If hockey goonery is your cup of tea, then the Four-Nations mini-tournament between the United States and Canada certainly provided. As much off the ice as on. Beyond the fairly predictable player fights—that’s hockey!—leading up to the championship final were the partisan fans booing the opposing national anthems, triggered by the gasbag Trump administration’s belittling of Canadian prime minister Justin Trudeau and his sovereign nation—“soon to be known as governor of our 51st state.”
Canadian fans, in the end, weren’t shy about interpreting their Four Nations title as a triumph over their potential “11th Province,” and Trudeau got in his shot by declaring, “You can’t take our country—and you can’t take our game.” At the title joust, singer Chantal Kreviazuk made her own statement regarding independence by massaging a line in “O Canada!” from “in all our command” to “that only us command.”
But, too—and this saved the event—there was the best of the sport’s delightful, excruciatingly entertaining on-the-fly drama, and a respectful acknowledgement by players on both sides that the sport survived the political toxicity to cultivate new fans. There was the traditional post-championship handshake, hockey’s unique version of respect and diplomacy.
The final was the fourth most-watched NHL-affiliated game in history and biggest draw since the modern Nielsen era began in 1988.
Certainly, there was the reminder that sports always is political and that national rivalries add plenty of juice. For the Empire State Building and Toronto’s CN Tower to be lit up in the championship combatants‘ respective national colors was a nice touch, even as real hockey fans—while taking their patriotic sides—were fully aware (and appreciative) of crossover loyalties to the athletes.
The U.S. team was filled with players who work for Canadian-based NHL teams, and visa versa. And it hasn’t been that long—maybe 50 years–since Canadians overwhelmingly peopled all NHL teams, the majority of which represented U.S. cities. A New York Rangers fan, Chicago Blackhawks fan, Detroit Red Wings fan, Boston Bruins fan, in rooting for his or her home team really was rooting for “our Canadians against your Canadians.” The father of superstar Connor McDavid, whose overtime goal won the Four Nations trophy for Canada, in fact was reportedly a big Boston Bruins fan. Cross-border allegiance, neighborly appreciation.
I thought of Corky DeGraauw, who was a 20-year-old from Toronto playing for the minor-league Long Island Ducks in 1971 when I was assigned to the team’s week-long bus trip to North Carolina and Pennsylvania. DeGraauw thought of how he would prefer flying to road games, “because it’s nice to look down at the ground that you’ve always seen before on maps, and see that there really isn’t a big red line which separates Canada and the U.S….”
We’re neighbors. L Cavanaugh’s Four-Nations summary in the Los Angeles Times mused that “Good neighbors are always there for each other.” He cited how the forestry minister of Canada’s Alberta province had sent firefighters to Los Angeles last month, returning a favor from 2023 when “California firefighters bravely supported Alberta in a time of great need.”
Cavanaugh wrote of “the goons who fought in Montreal” during the preliminary U.S.-Canada match, that “instead of playing their hearts out for their country, they deliberately put themselves in the penalty box. All pain, no gain. But that’s what goons do. They choose the performative over performance, spectacle over contribution, me over we—the exact opposite of what the legendary gold-medal winning 1980 U.S. Olympic hockey team was all about” amid its “Miracle on Ice” upset of the Soviet Union, that real Evil Empire.
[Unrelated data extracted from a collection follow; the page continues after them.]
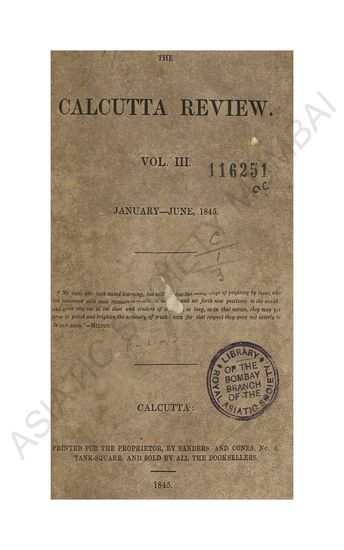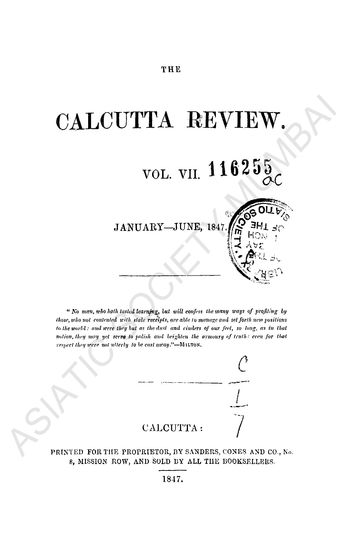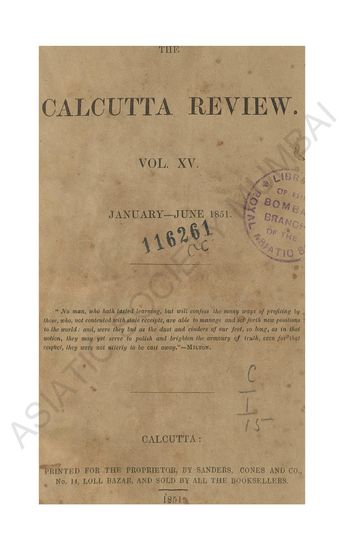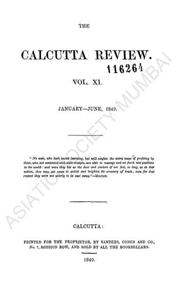 Calcutta Review, Vol. XIII, January-June, 1850.
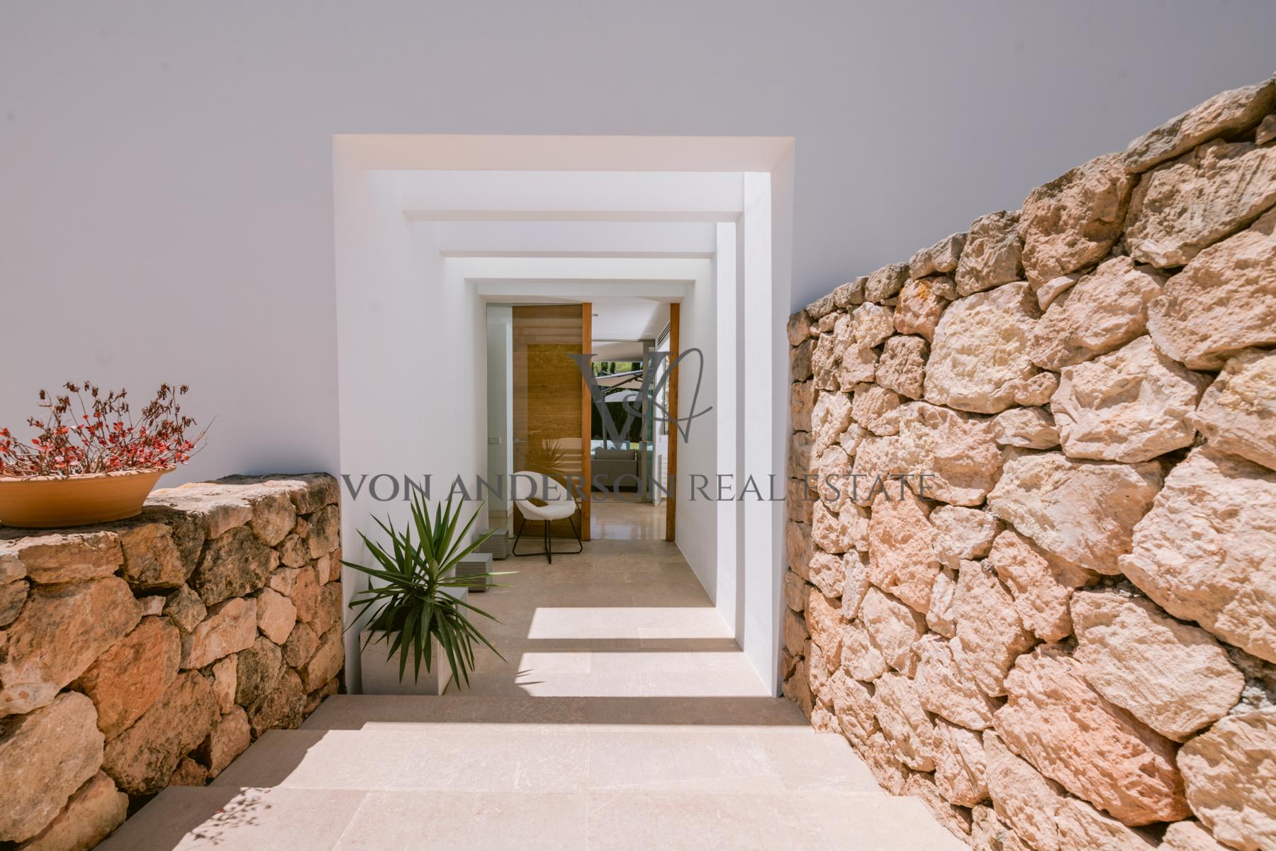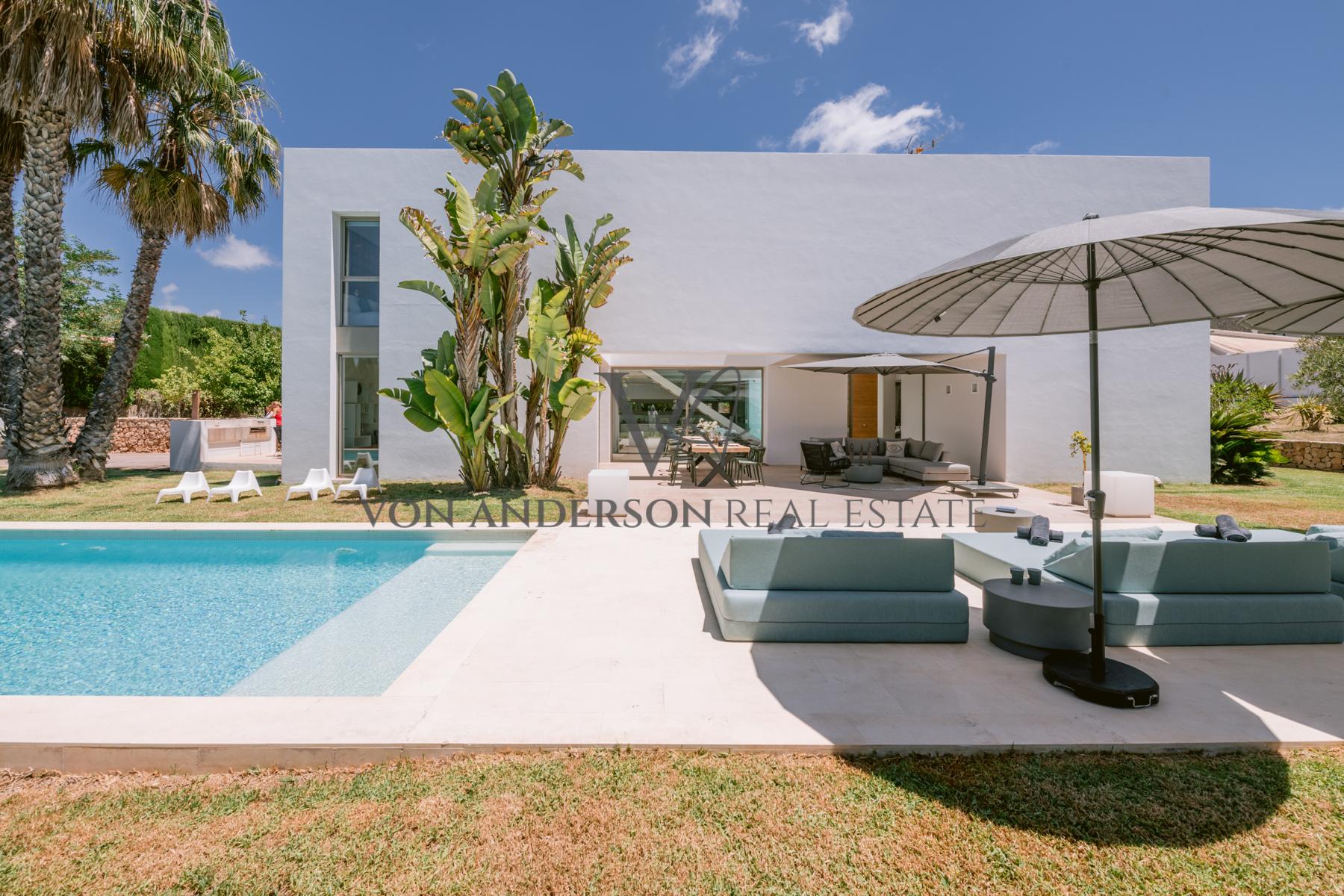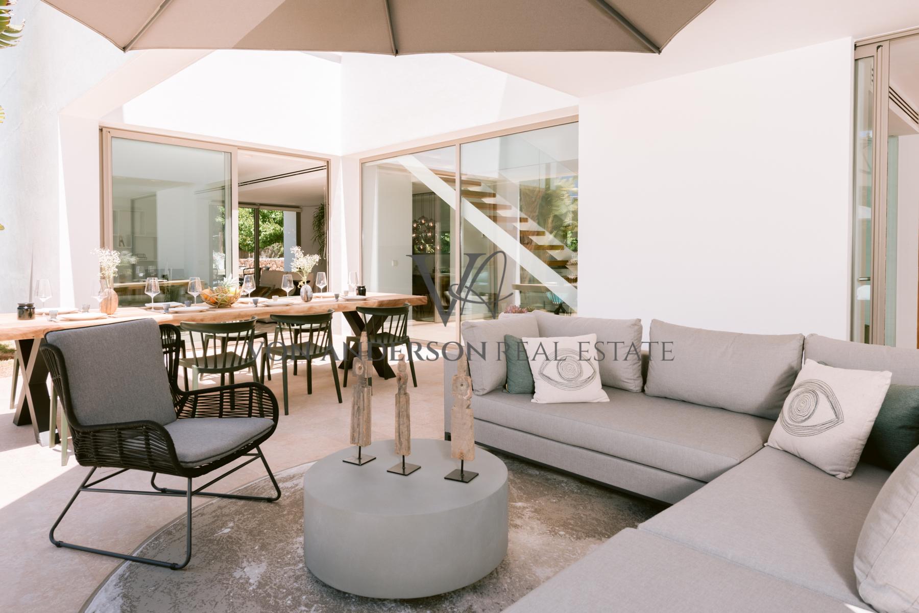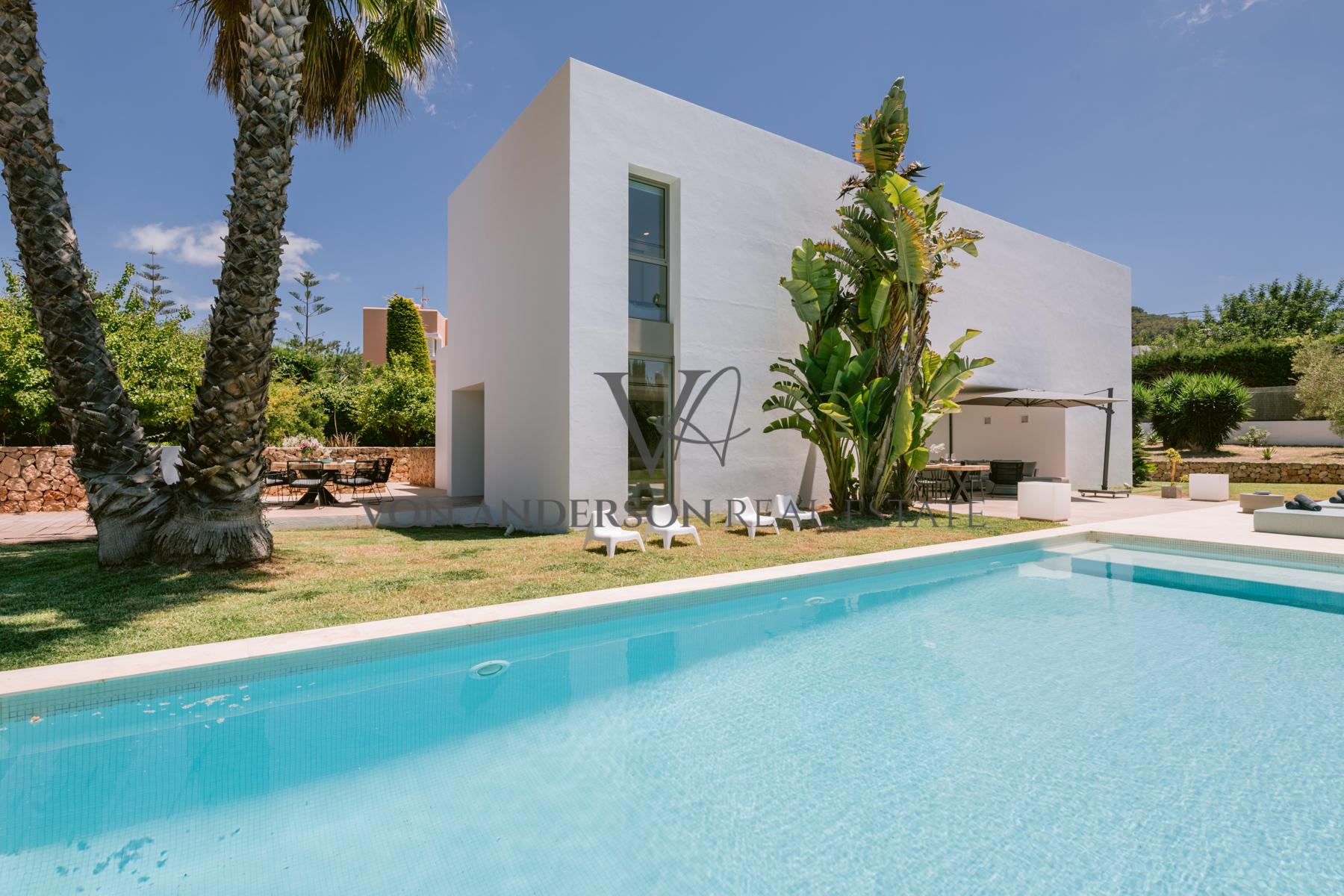 A breathtaking contemporary villa nestled within a large 2000m2 garden plot in the quaint village of Jesus, just a short drive from Ibiza town, the stunning Talamanca bay and the prestigious Botafoch yachting marina.
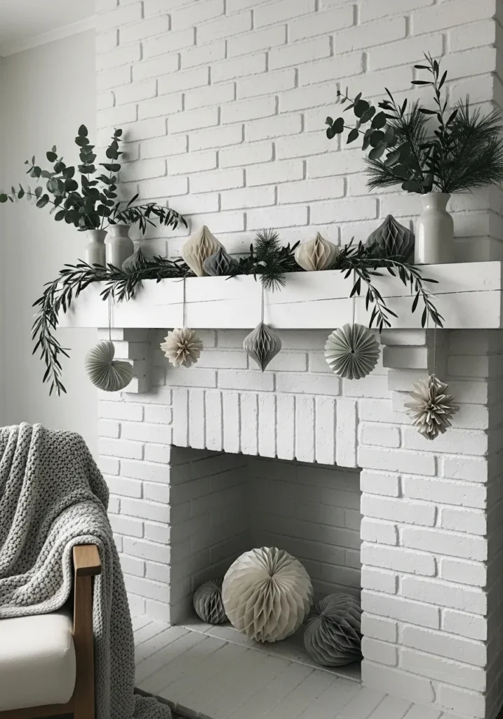 This white brick fireplace gets a dose of Scandinavian playfulness with honeycomb paper ornaments and natural greenery. Olive and eucalyptus branches bring freshness, while neutral-toned decorations hang in perfect symmetry. It’s airy, calm, and a little bit whimsical.

Cavanaugh cited Canadian columnist Pete McMartin of the Vancouver Sun lamenting, “Goodbye America. … I’ve reached that point in our relationship where any admiration I have had for you has been replaced by a new, angry resolve, which is: I won’t consort with the enemy.”
The New York Times quoted a Canadian fan in the crowd for the final that “Canadians are so pumped to win this game. Because we can’t beat Trump, right? It’s the only thing we can beat them at — hockey.”
The match was enormously appealing theatre, given the showdown between the world’s two best national teams on such a highly visible stage—as big as the Olympics, in some ways. “With more than a decade of built-up tension between the two rivals, heat on the ice was inevitable,” according to the New York Times. “But for many, the championship game wasn’t about bragging rights alone.”
That clearly was because of the Trump administration’s economic and geopolitical bullying—the lack of statesmanship and tact fouling the North American air. It was a reminder, as the L.A. Times’ Cavanaugh put it, of goonery in the mix. “Goons never really win,” Cavanaugh wrote, “because they’re all about pulling down others.”